In the records that follow, find the line containing "kuzhinë të hapur" and the line containing "Canped Anatomik Bez", then transcribe both and every line between them exactly, omitting pictures.

*** Information supplied Section Begins ***

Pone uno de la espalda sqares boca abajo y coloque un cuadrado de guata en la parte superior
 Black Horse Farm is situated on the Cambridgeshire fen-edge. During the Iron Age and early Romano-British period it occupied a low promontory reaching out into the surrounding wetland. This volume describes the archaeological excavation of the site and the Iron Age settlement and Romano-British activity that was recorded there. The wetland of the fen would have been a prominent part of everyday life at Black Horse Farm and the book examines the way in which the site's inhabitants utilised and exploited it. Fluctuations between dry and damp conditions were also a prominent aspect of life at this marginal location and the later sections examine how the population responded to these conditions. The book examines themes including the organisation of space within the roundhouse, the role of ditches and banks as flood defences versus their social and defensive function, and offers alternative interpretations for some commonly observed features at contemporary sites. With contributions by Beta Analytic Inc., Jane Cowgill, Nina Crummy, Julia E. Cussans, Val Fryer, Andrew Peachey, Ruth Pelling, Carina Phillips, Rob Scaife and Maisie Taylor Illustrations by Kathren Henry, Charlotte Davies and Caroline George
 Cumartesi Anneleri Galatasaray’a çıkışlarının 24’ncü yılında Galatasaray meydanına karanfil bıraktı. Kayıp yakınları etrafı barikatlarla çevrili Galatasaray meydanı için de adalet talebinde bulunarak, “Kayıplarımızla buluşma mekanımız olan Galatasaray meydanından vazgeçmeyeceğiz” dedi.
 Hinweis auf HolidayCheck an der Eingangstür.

*** Information supplied Section Ends ***
*** Information supplied Section Begins ***

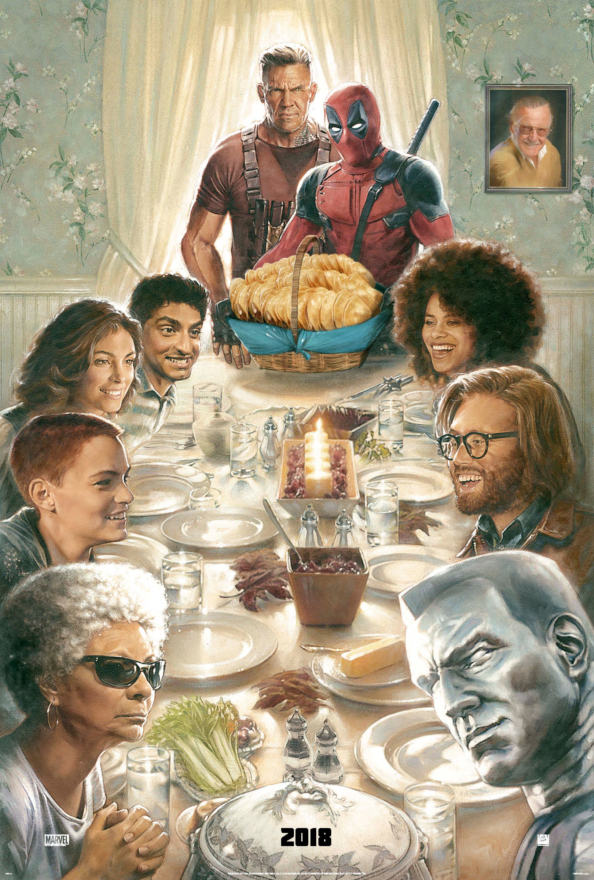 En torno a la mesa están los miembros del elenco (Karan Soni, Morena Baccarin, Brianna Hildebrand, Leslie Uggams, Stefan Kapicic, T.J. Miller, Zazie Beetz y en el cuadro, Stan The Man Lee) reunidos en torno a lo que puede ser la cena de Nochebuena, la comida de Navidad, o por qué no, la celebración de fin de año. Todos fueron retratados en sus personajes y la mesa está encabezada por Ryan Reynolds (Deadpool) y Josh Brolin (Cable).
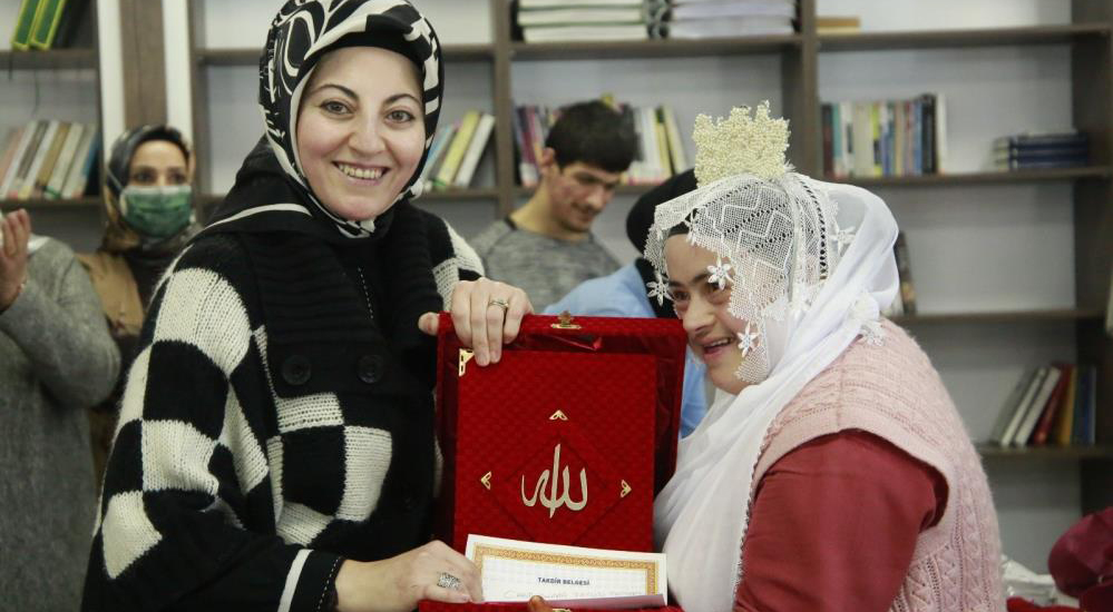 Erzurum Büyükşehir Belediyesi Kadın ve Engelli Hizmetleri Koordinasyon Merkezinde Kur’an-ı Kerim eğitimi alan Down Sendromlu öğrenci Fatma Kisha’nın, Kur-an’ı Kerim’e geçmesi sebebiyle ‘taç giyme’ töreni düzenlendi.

*** Information supplied Section Ends ***
*** Information supplied Section Begins ***

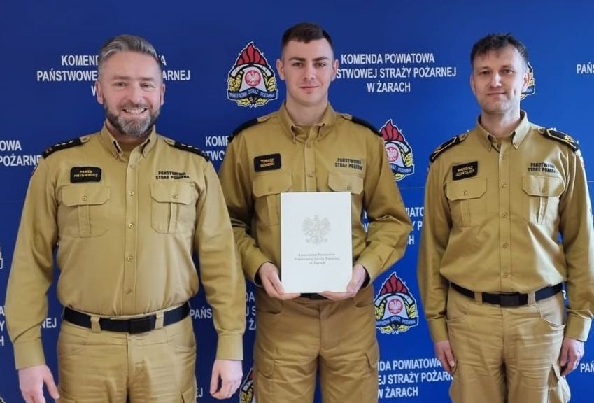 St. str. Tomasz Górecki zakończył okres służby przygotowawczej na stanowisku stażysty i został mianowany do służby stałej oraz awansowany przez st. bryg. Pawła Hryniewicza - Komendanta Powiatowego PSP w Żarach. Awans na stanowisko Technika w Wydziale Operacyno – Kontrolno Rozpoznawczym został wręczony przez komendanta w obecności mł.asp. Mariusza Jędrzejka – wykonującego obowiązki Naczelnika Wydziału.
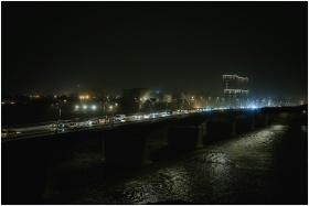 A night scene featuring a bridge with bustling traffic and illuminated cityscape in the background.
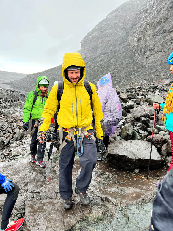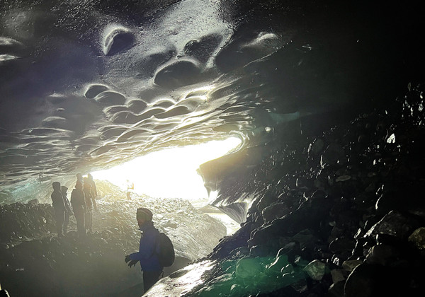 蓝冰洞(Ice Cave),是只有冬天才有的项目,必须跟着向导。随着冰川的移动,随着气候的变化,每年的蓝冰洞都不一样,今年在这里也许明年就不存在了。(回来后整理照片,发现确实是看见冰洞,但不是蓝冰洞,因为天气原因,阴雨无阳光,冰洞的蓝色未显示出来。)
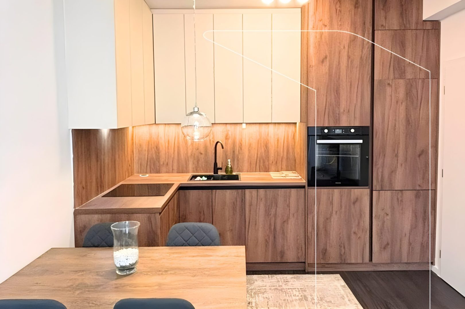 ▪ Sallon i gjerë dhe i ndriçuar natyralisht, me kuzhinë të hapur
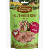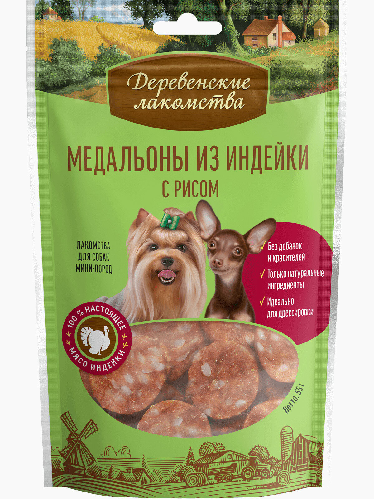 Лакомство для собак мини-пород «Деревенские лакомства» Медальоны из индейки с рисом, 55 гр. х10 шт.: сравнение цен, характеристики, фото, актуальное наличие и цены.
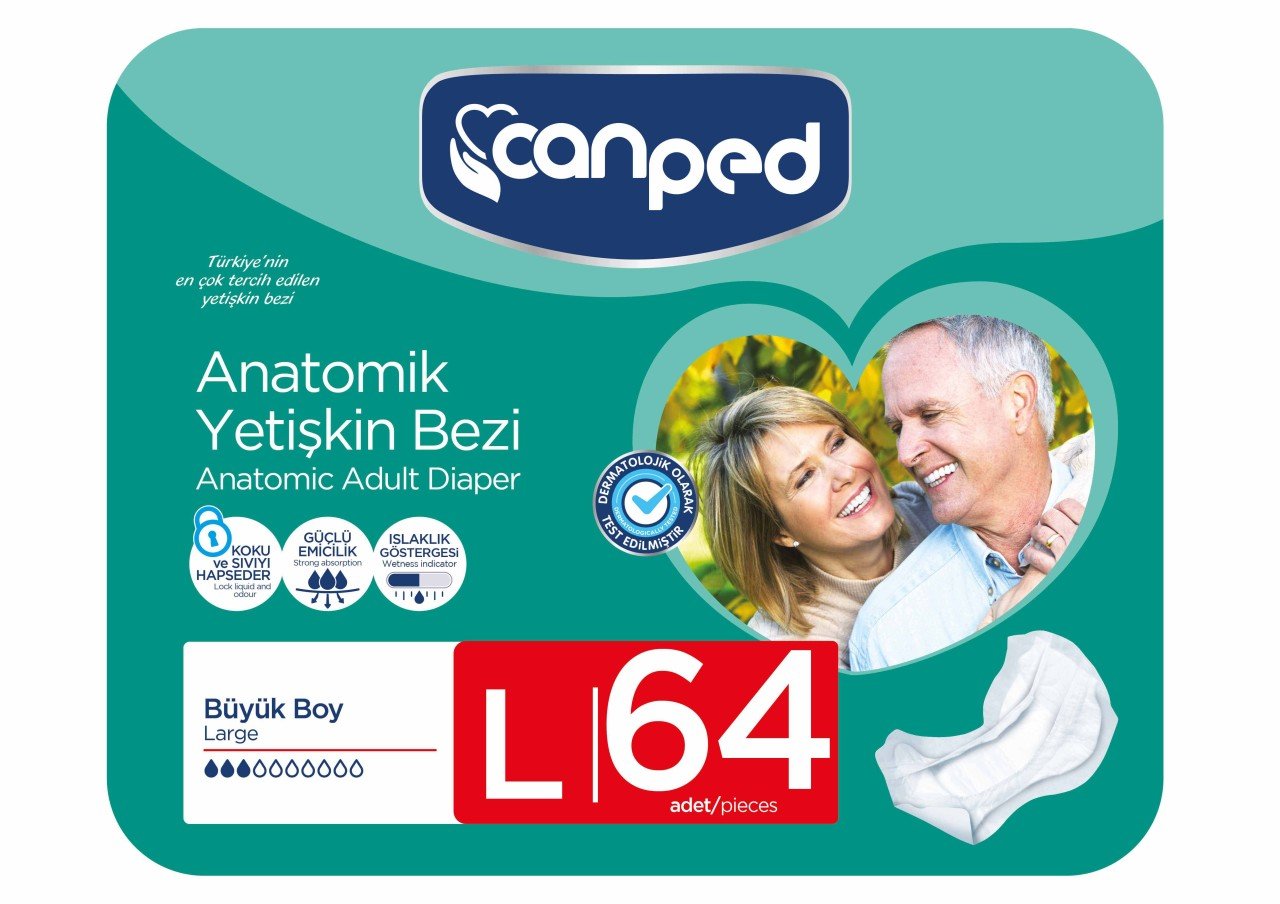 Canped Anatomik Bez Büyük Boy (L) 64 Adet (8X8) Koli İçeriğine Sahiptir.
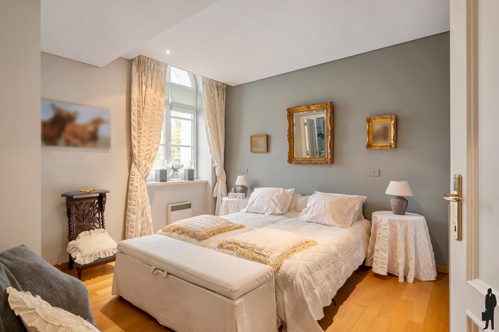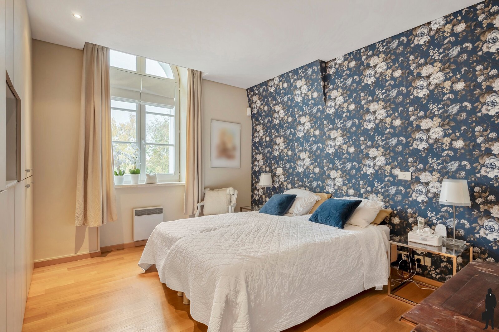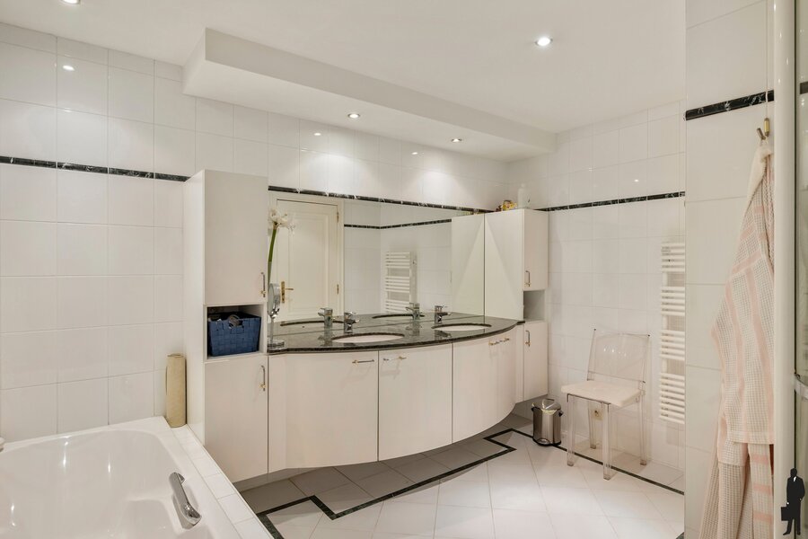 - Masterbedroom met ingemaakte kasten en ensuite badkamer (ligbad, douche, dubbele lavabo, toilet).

*** Information supplied Section Ends ***

→ **Task solution**:
 ▪ Sallon i gjerë dhe i ndriçuar natyralisht, me kuzhinë të hapur
 Лакомство для собак мини-пород «Деревенские лакомства» Медальоны из индейки с рисом, 55 гр. х10 шт.: сравнение цен, характеристики, фото, актуальное наличие и цены.
 Canped Anatomik Bez Büyük Boy (L) 64 Adet (8X8) Koli İçeriğine Sahiptir.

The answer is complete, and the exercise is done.